Cristo tem direito a sua lealdade completa, não John. Mas João era o amigo do Noivo, feliz por estar atentamente e ouvi-lo, João não era para ser da noiva, pois sabemos que ele foi martirizado, e tem um lugar no céu: ele não é nem da noiva celestial, a igreja , nem de Israel, a noiva terrestre, mas de uma companhia distinta. Porém, apenas o som da voz do Noivo alegrou seu coração, de modo que sua alegria foi completa. Certamente não tem inveja de seu Senhor, nem da noiva: a contemplação de Cristo e o som de sua voz são para ele a mais completa satisfação.

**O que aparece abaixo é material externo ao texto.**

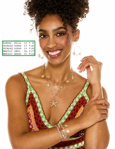 EARRING E5111G $ 8 P. 39 NECKLACE N2994G $ 9 P. 183 NECKLACE N2990G $ 9 P. 183 BRACELET MB321 $12 P. 177 BRACELET B2603G $ 6 P. 115

Mas mais: "Ele deve aumentar." O Senhor Jesus veio nas circunstâncias mais humildes: portanto, Sua grandeza deve ser cada vez mais manifestada. Agora também Seu sacrifício voluntário tem sido uma base maravilhosa para o aumento de Sua glória ainda hoje, Seu nome conhecido em todas as nações; e ainda para ser conhecido em plenitude de glória quando todos se prostrarem a Seus pés. Em vista disso, John está feliz em diminuir.

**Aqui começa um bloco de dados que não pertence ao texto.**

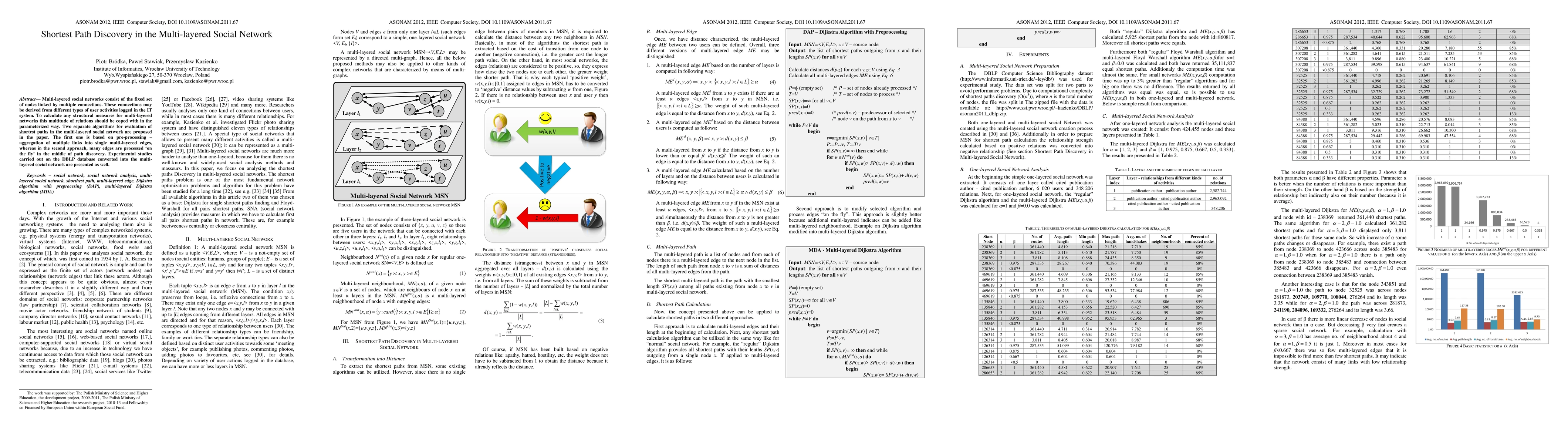 This paper proposes two algorithms for discovering shortest paths in multi-layered social networks, where connections are derived from various user activities. The first algorithm aggregates multiple links into single edges before processing, while the second processes many edges dynamically during path discovery. Experimental results on a DBLP database converted into a multi-layered network are presented.

Cristo veio de cima: Ele estava acima de tudo. João e todos os filhos de Adão eram da Terra e só podiam dar testemunho desse ponto de vista. Cristo, acima de tudo, testemunhou o que tinha visto e ouvido; e embora as multidões possam ter se juntado a Ele, Seu testemunho geralmente não era recebido (cf. cap.6: 66). Mas aquele que recebeu Seu testemunho estava assim afixando seu selo ao fato de que Deus é verdadeiro: ele se comprometeu a esta posição de confiança nEle.
Pois foram as palavras de Deus que Cristo falou. Somente a fé O reconheceu como enviado de Deus, pois o Espírito de Deus habitava em plenitude Nele. Não era mais uma medida limitada da operação do Espírito, como visto nas revelações parciais da glória de Deus no Antigo Testamento, mas Deus totalmente revelado em Seu Filho, na plena demonstração do poder do Espírito. Mais do que isso, a plenitude do amor do Pai pelo Filho é vista em Ele entregar todas as coisas em Suas mãos. O Filho pode ser confiado com a disposição de toda a criação. A unidade do Pai e do Filho é absoluta e infinita, de modo que o Filho é a representação perfeita do pai.

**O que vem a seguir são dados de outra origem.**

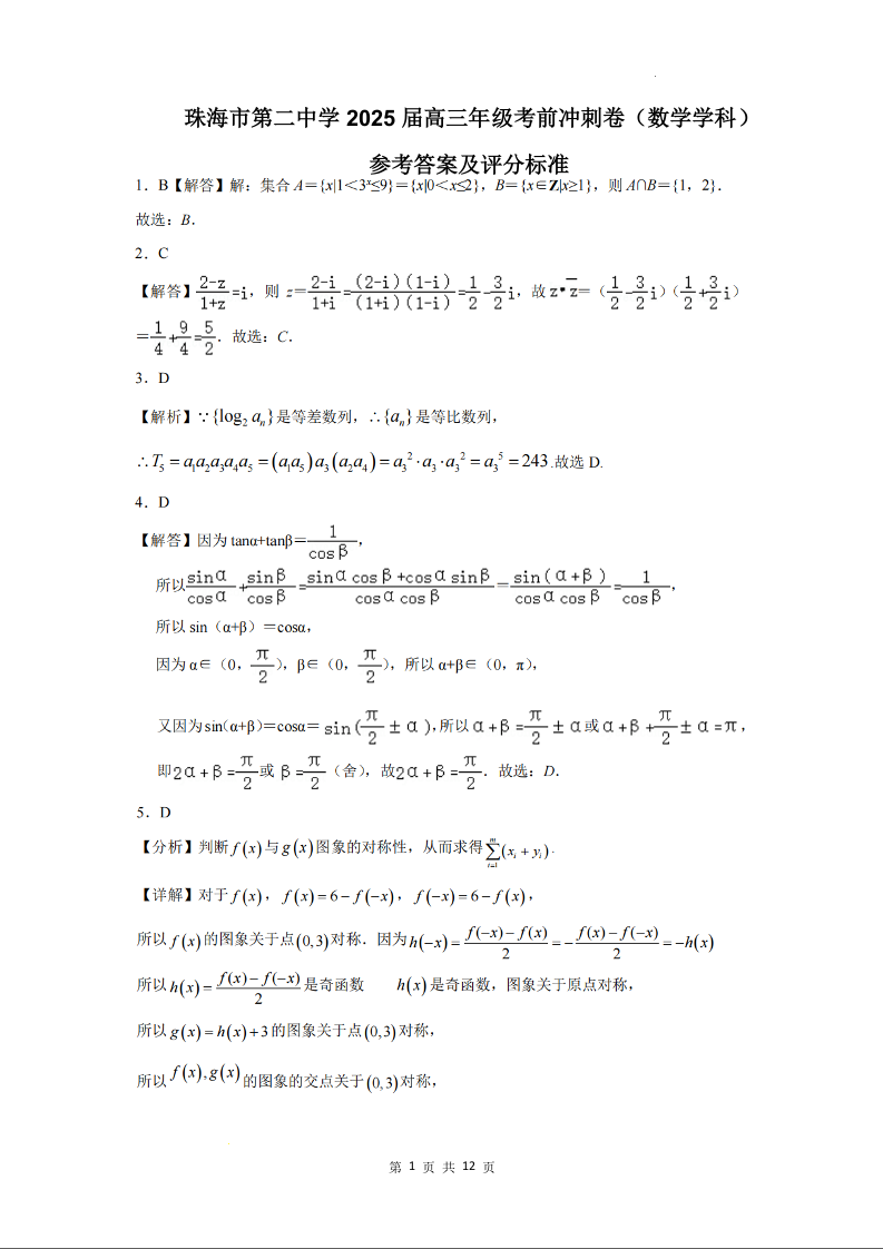 珠海市第二中学2025届高三年级考前冲刺卷 数学答案.docx

Deve-se, portanto, crer no Filho: não há conhecimento do Pai à parte disso e em crer que ele tem a vida eterna. Esta é uma crença vital e pessoal no Filho pessoalmente. Por outro lado, quem não está sujeito ao Filho não verá a vida. Portanto, alguém tem vida eterna ou nenhuma vida. A terrível alternativa para a vida é a ira de Deus sobre o incrédulo. Isso certamente nos mostra o que Deus pensa de Seu Filho e, por outro lado, quais são seus pensamentos para aqueles que recusam Seu Filho.